People with a ludic style view love as a game that they are playing to win. Often this can be a
multiplayer game! Ludic individuals are comfortable with deception and manipulation in their
relationships. They tend to be low on commitment and are often emotionally distant.
Because ludic individuals are more focused on the short term, they tend to place greater importance on
the physical characteristics of their mate than do the other love styles. They are also more likely to
engage in sexual hookups.
Ludus is about enjoying the moment. It is playful love. It can be confused for eros which is often the
case of unrequited love, but it is strictly platonic like philia. Ludus is casual, fun, and can be long lasting
like in the case of close friendships. It is a shared experience without the pressure of eros or the physical
urges that accompany it. Ludus requires time to grow and mature, it is a following on of philia beyond
the initial friendship stage.
Pragma
(logical love)

Practicality rules for this type. Logic is used to determine compatibility and future prospects. This doesn’t mean that
these individuals use an emotionless, Spock-like approach to their relationships, rather they a place a 
high importance on whether a potential mate will be suited to meeting their needs.
These needs might be social or financial. Pragmatists might wonder if their prospective partner would be accepted by
family and friends, or whether they’re good with money. The might also evaluate their emotional assets; for example,
does a would-be partner have the skills to be calm in times of stress?
So basivcally, logical often refers to predictability, stability and calculated risk.
Being logical is to love someone who is caring, kind, approved by friends and family, and who loves you more than
you do.
So if you are under in this type of love, it means finding someone with a stable job, decent background, whereby you
could easily project a future with him 10, 20 years down the road. Someone you know with a stable career and income
progression, someone to discuss with the type of car and house you guys can afford and want to have in the future, your
future kids and so on.
Mania
(possessive/ excited love)

This refers to an obsessive love style. These individuals tend to be emotionally dependent and to need
fairly constant reassurance in a relationship. Someone with this love style is likely to experience peaks
of joy and troughs of sorrow, depending on the extent to which their partner can accommodate their
needs.
Because of the possessiveness associated with this style, jealousy can be an issue for these individuals.

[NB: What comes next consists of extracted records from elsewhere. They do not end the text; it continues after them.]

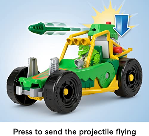 Imaginext DC Super Friends - Auto di Killer Croc con lanciamissili, set include 1 personaggio snodato, 1 auto a spinta e 1 missile, giocattolo per bambini, 3+ anni, HML05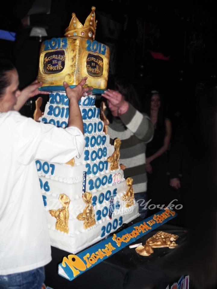 Изненада беше и тортата за рождения ден. Тя бе толкова голяма, че се наложи сладкари да я сглобяват на място, тъй като иначе не може да се пренесе.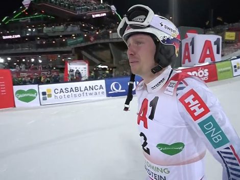 Atle Lie McGrath guida la prima manche dello slalom di Coppa del Mondo sulla Planai con il tempo di 53”12. Il norvegese costruisce il riferimento...

Honestly, in my own opinion I dont even know if I should consider this as love, or as a style of love.
Because first, love and possession are two different things. And Im also not sure if being possessive is a
way of showing love to your partner because we all know that in love there’s trust, in love there’s
willingness to share, there’s comfort and space for each individual that makes up the couple. And in
possessiveness, there’s jealousy, there’s selfishness and distrust on behalf of the possessive and there’s
no freedom for the other party. It’s a relationship that leads to total destruction.
Agape
(selfless love)
Agapic individuals are giving and caring, and are centred on their partner’s needs. This is largely a
selfless and unconditional love. An agapic partner will love you just as you are. But they will also
be particularly appreciative of acts of care and kindness that they receive back from their partner.

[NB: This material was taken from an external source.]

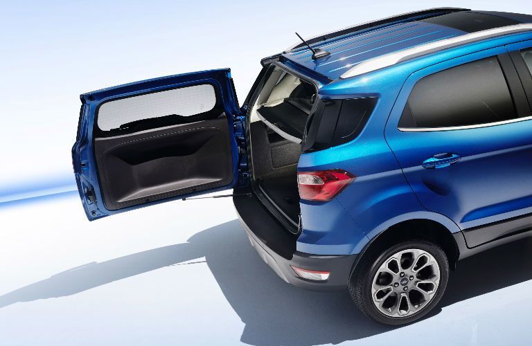 On sale in early 2018, the EcoSport will be the only subcompact SUV in the Ford lineup, fitting nicely alongside the Escape. Available in four trim levels: S, SE, SES, and Titanium, the EcoSport will provide plenty of choice and versatility at every level for consumers. Resembling the Escape, Edge, and Fiesta, the EcoSport will be right at home in the Ford lineup. Unlike other crossovers or hatchbacks, the EcoSport will feature a rear tailgate that swings open from the side.

Perhaps because these individuals are so accepting, they tend to have very high levels of
relationship satisfaction.
If I were to choose between the six styles of love, I think this is my favorite because this type of
love is also considered as the universal love. It doesn’t just revolve around your family, your circle
of friends, to people you know because this type of love is for everybody such as the love for
strangers, love for nature, love for God. Everything.